> _DATASET EXTRACT_:
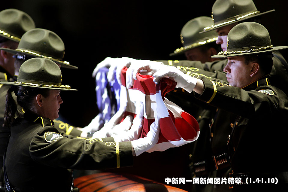 1月5日(周二),華盛頓州皮爾斯縣已故副警長孟德爾(Kent Mundell)的追悼會(huì)在塔科馬舉行,同事們將蓋在孟德爾棺木上的國旗折疊整齊。孟德爾上個(gè)月處理一起糾紛時(shí)遭槍擊身亡。圖片來源:中國新聞網(wǎng)
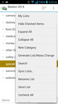 Packing List helps you create and maintain packing lists. It not only lets user to create a list from scratch, but also allows you to generate lists from an existing one. This application comes with several pre-loaded packing master lists. You can simply open the master list(or any existing list). Click on “Generate List/Mass Change” menu item. Check the items you want for your trip and you will have a new packing list ready in no time.
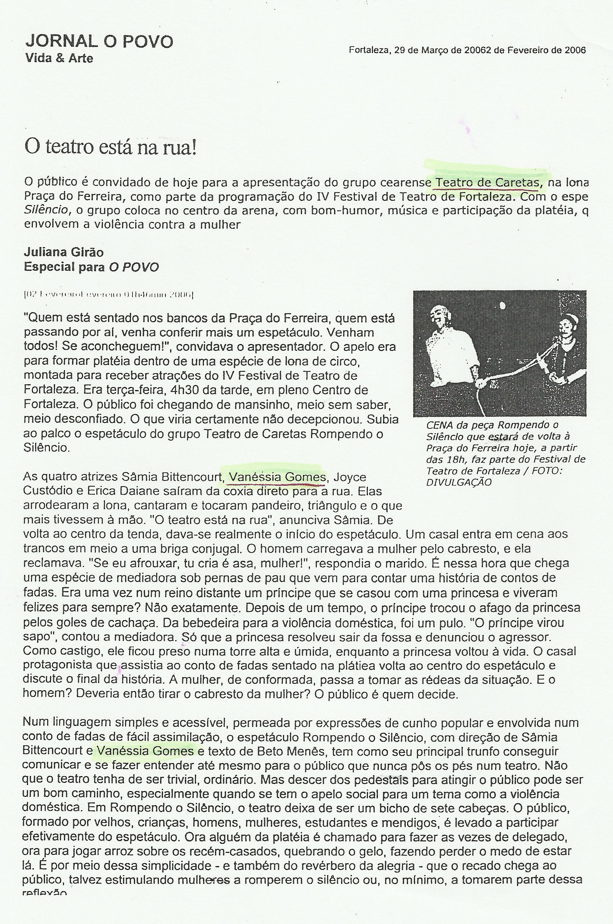 Atriz e pesquisadora em teatro. Formadora teatral e produtora. Doutoranda em Teatro (UDESC). Mestre em Artes (IFCE). Cientista Social (UECE). Artista do Grupo Teatro de Caretas. Participou de Laboratórios Teatrais: Augusto Boal, CTO, RJ - 2007, Grupo Yuyaschani 2015, 2023 (Peru), Eugenio Barba2022. Parecerista de projetos culturais e curadora de festivais de teatro. Consultora UNESCO 2013-2016.
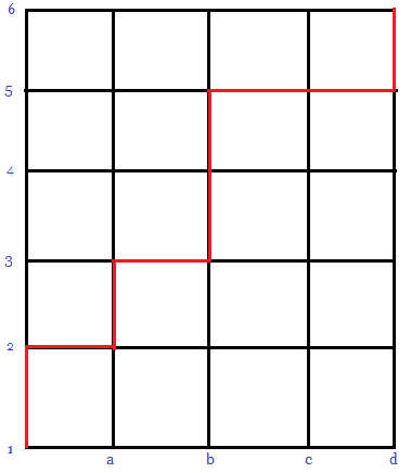The diagram for the elegant bijection used to solve AIME I 2001 #6.

> _EXERCISE PROMPT_: Retype the data above verbatim, minus images.

> _REPLY_:
 1月5日(周二),華盛頓州皮爾斯縣已故副警長孟德爾(Kent Mundell)的追悼會(huì)在塔科馬舉行,同事們將蓋在孟德爾棺木上的國旗折疊整齊。孟德爾上個(gè)月處理一起糾紛時(shí)遭槍擊身亡。圖片來源:中國新聞網(wǎng)
 Packing List helps you create and maintain packing lists. It not only lets user to create a list from scratch, but also allows you to generate lists from an existing one. This application comes with several pre-loaded packing master lists. You can simply open the master list(or any existing list). Click on “Generate List/Mass Change” menu item. Check the items you want for your trip and you will have a new packing list ready in no time.
 Atriz e pesquisadora em teatro. Formadora teatral e produtora. Doutoranda em Teatro (UDESC). Mestre em Artes (IFCE). Cientista Social (UECE). Artista do Grupo Teatro de Caretas. Participou de Laboratórios Teatrais: Augusto Boal, CTO, RJ - 2007, Grupo Yuyaschani 2015, 2023 (Peru), Eugenio Barba2022. Parecerista de projetos culturais e curadora de festivais de teatro. Consultora UNESCO 2013-2016.
The diagram for the elegant bijection used to solve AIME I 2001 #6.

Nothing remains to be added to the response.